**DIRECTIONS:** Nothing but the lines from the one containing "Кафедранын айымдары Нооруз" through the end of the data below should appear in the answer, each exact and free of pictures.

**DATASET ENTRIES:**
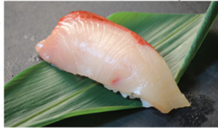
黒瀬ブリ 280円 一貫 (308円)
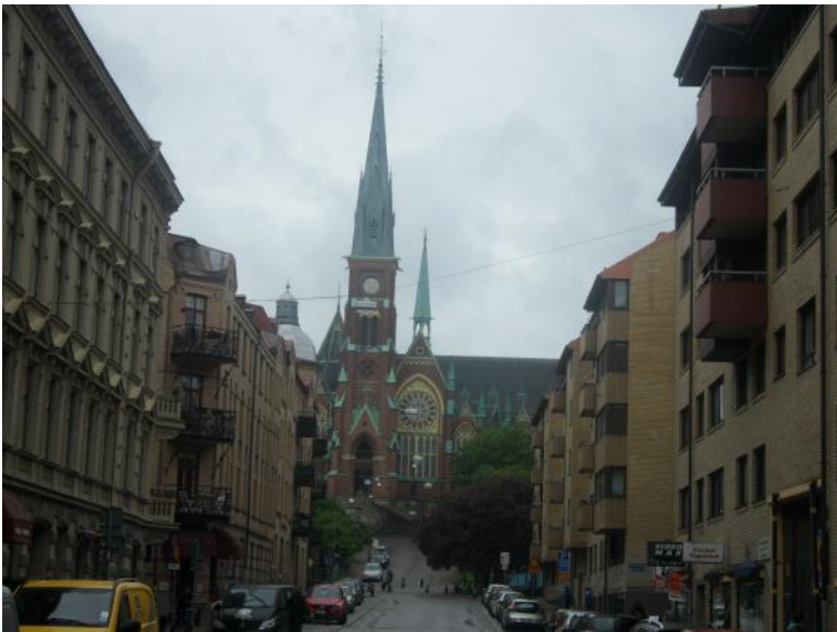
Kirke i Göteborg.
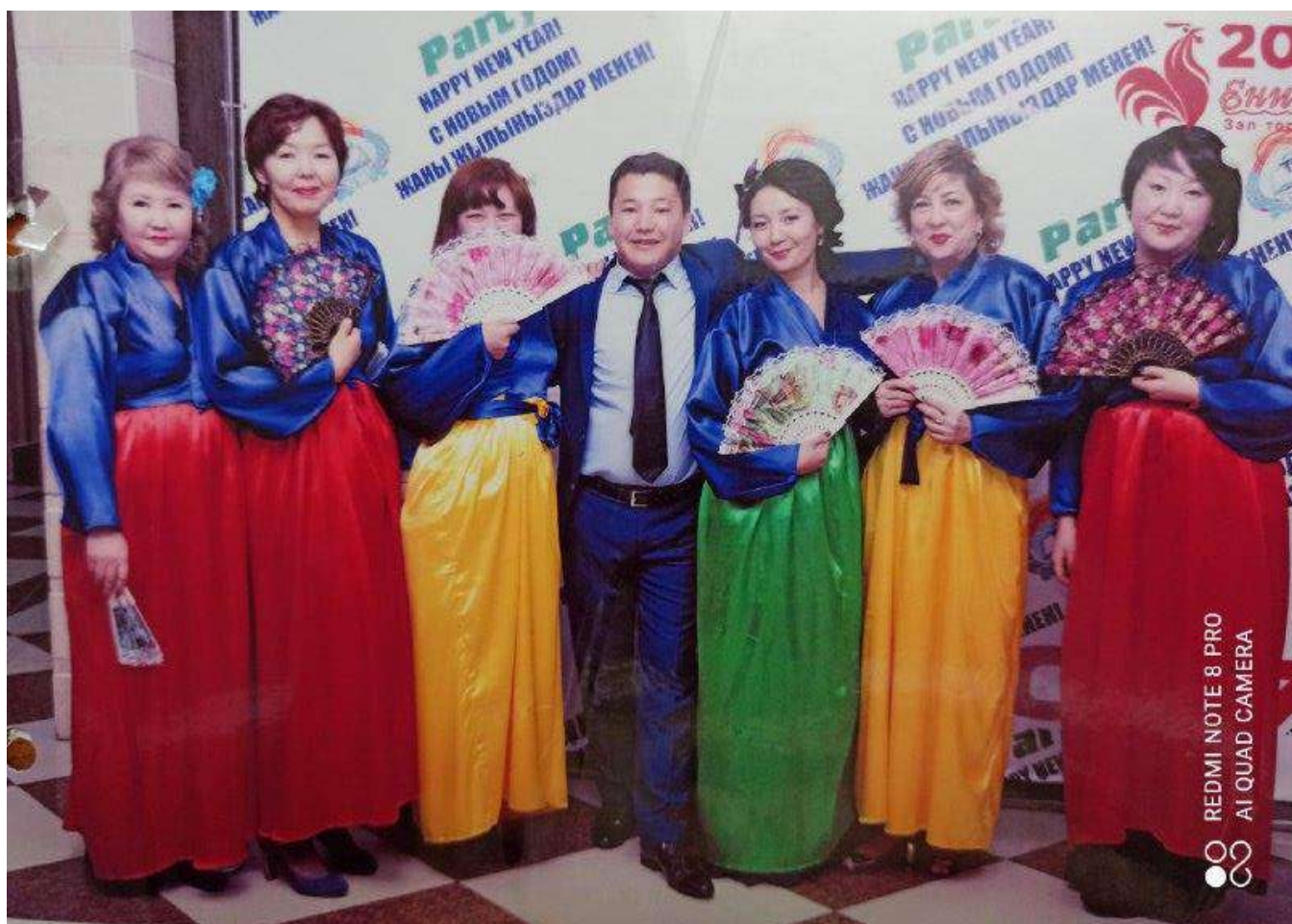
Кафедранын айымдары Нооруз майрамында «Хан сарайдын бермети» аттуу корей элдик бий менен көрүүчүлөрдүн маанайларын көтөрүп, байгелүү орунду жеңип алышты.
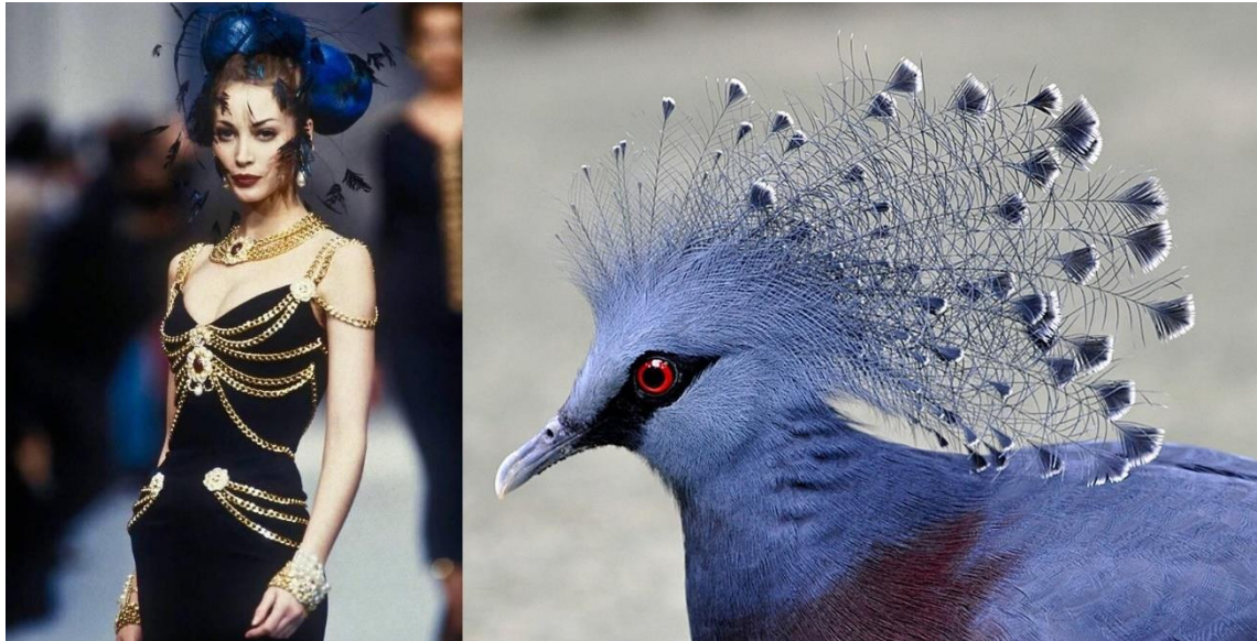
Slika 16. Lijevo: Karl Lagerfeld - 100 najboljih trenutaka Chanel modne revije: Christy Turlington odjenula je vrhunsku Chanel koktel odjeću na reviji Haute Couture , proljeće/ljeto 1992., Harper's Bazaar , 19. veljače 2019., Desno: Viktorijin krunasti golub ( Goura cristata ) https://en.wikipedia.org/wiki/Crowned_pigeon (posjećeno 06.09.2023.)
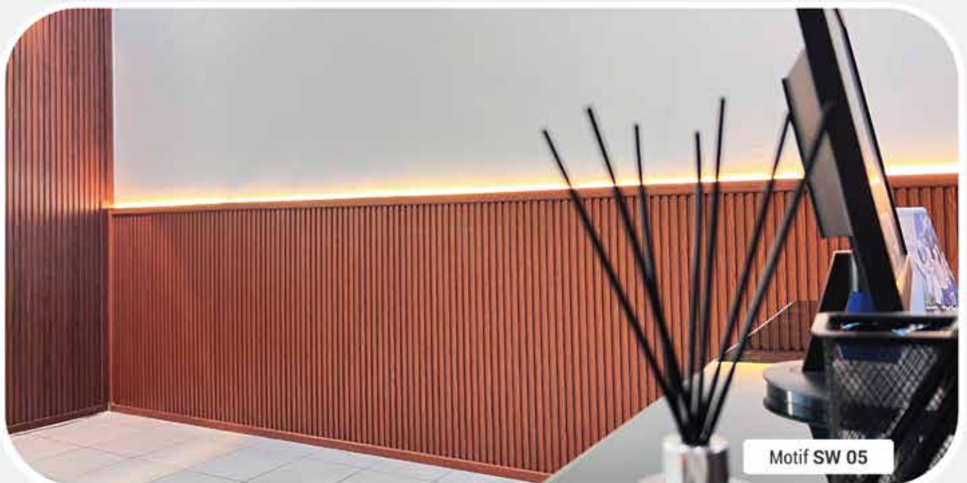
Motif SW 05
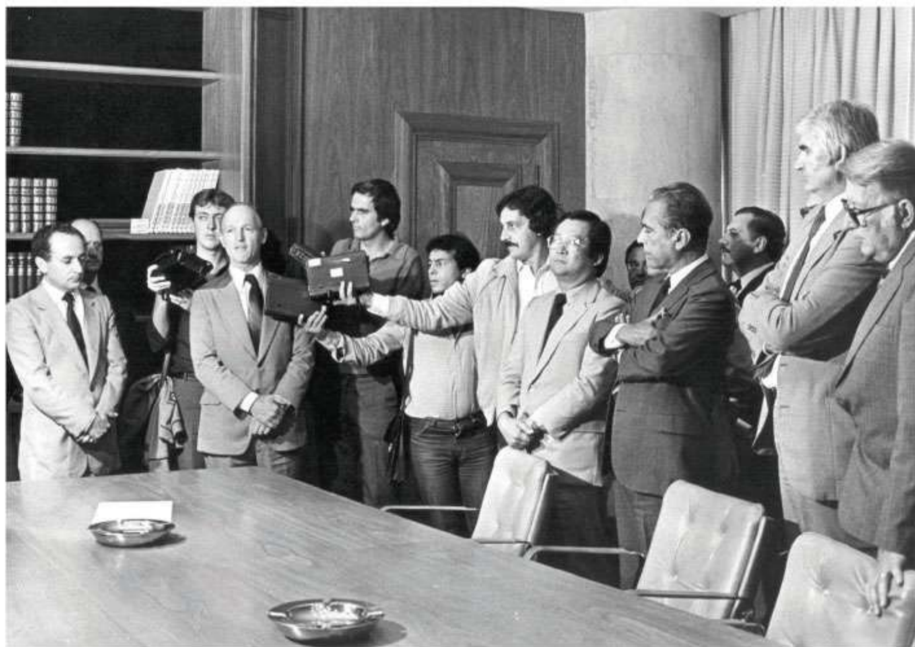
Solenidade de assinatura da aquisição da Kamby, no Palácio Iguazu

A compra da indústria privada Kamby por um consórcio de cooperativas, ao valor de Cr$ 1,43 bilhão (R$ 38 milhões em valores atuais) marcou o ano de 1982 com a participação do cooperativismo paranaense na produção de leite em pó. O negócio foi uma opção mais racional de solução ao grave problema que ocorria no setor de lácteos, onde milhares de produtores ficaram meses sem receber pela produção entregue à indústria.
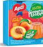
12659 GELATINA APTI PÊSSEGO | 36X35 GR 7896327514190
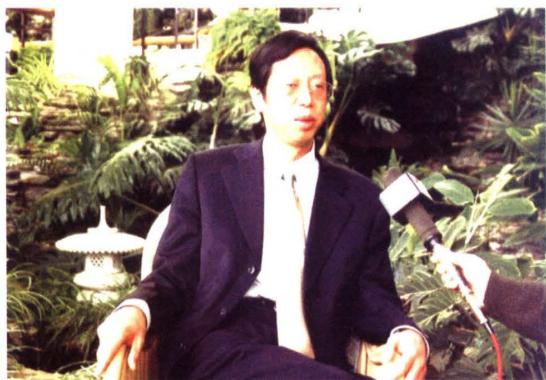
公司董事长：李建新

李建新，男，汉族，1953年10月出生，中共党员，硕士研究生，高级工程师（正高），现任长丰（集团）有限责任公司（原中国人民解放军第七三一九工厂）董事长、党委书记，中国企业联合会、中国企业家协会副会长，十届全国人大代表。1984年，李建新经民主选举担任中国人民解放军第七三一九工厂厂长，1996年企业改制后任长丰集团董事长。他积极推进“以专制胜”的竞争战略，把长丰集团打造成为了全国最大的轻型越野车生产企业之一。先后荣获“全国劳动模范”、“全国五一劳动奖章”、“全国百强企业家”、“湖南省劳动模范”、“2003年度全国优秀创业企业家”等荣誉称号；2005年被评为“湖南省有特殊贡献专家”，享受国务院特殊津贴。

**RESPONSE BOX:**
Кафедранын айымдары Нооруз майрамында «Хан сарайдын бермети» аттуу корей элдик бий менен көрүүчүлөрдүн маанайларын көтөрүп, байгелүү орунду жеңип алышты.
Slika 16. Lijevo: Karl Lagerfeld - 100 najboljih trenutaka Chanel modne revije: Christy Turlington odjenula je vrhunsku Chanel koktel odjeću na reviji Haute Couture , proljeće/ljeto 1992., Harper's Bazaar , 19. veljače 2019., Desno: Viktorijin krunasti golub ( Goura cristata ) https://en.wikipedia.org/wiki/Crowned_pigeon (posjećeno 06.09.2023.)
Motif SW 05
Solenidade de assinatura da aquisição da Kamby, no Palácio Iguazu

A compra da indústria privada Kamby por um consórcio de cooperativas, ao valor de Cr$ 1,43 bilhão (R$ 38 milhões em valores atuais) marcou o ano de 1982 com a participação do cooperativismo paranaense na produção de leite em pó. O negócio foi uma opção mais racional de solução ao grave problema que ocorria no setor de lácteos, onde milhares de produtores ficaram meses sem receber pela produção entregue à indústria.
12659 GELATINA APTI PÊSSEGO | 36X35 GR 7896327514190
公司董事长：李建新

李建新，男，汉族，1953年10月出生，中共党员，硕士研究生，高级工程师（正高），现任长丰（集团）有限责任公司（原中国人民解放军第七三一九工厂）董事长、党委书记，中国企业联合会、中国企业家协会副会长，十届全国人大代表。1984年，李建新经民主选举担任中国人民解放军第七三一九工厂厂长，1996年企业改制后任长丰集团董事长。他积极推进“以专制胜”的竞争战略，把长丰集团打造成为了全国最大的轻型越野车生产企业之一。先后荣获“全国劳动模范”、“全国五一劳动奖章”、“全国百强企业家”、“湖南省劳动模范”、“2003年度全国优秀创业企业家”等荣誉称号；2005年被评为“湖南省有特殊贡献专家”，享受国务院特殊津贴。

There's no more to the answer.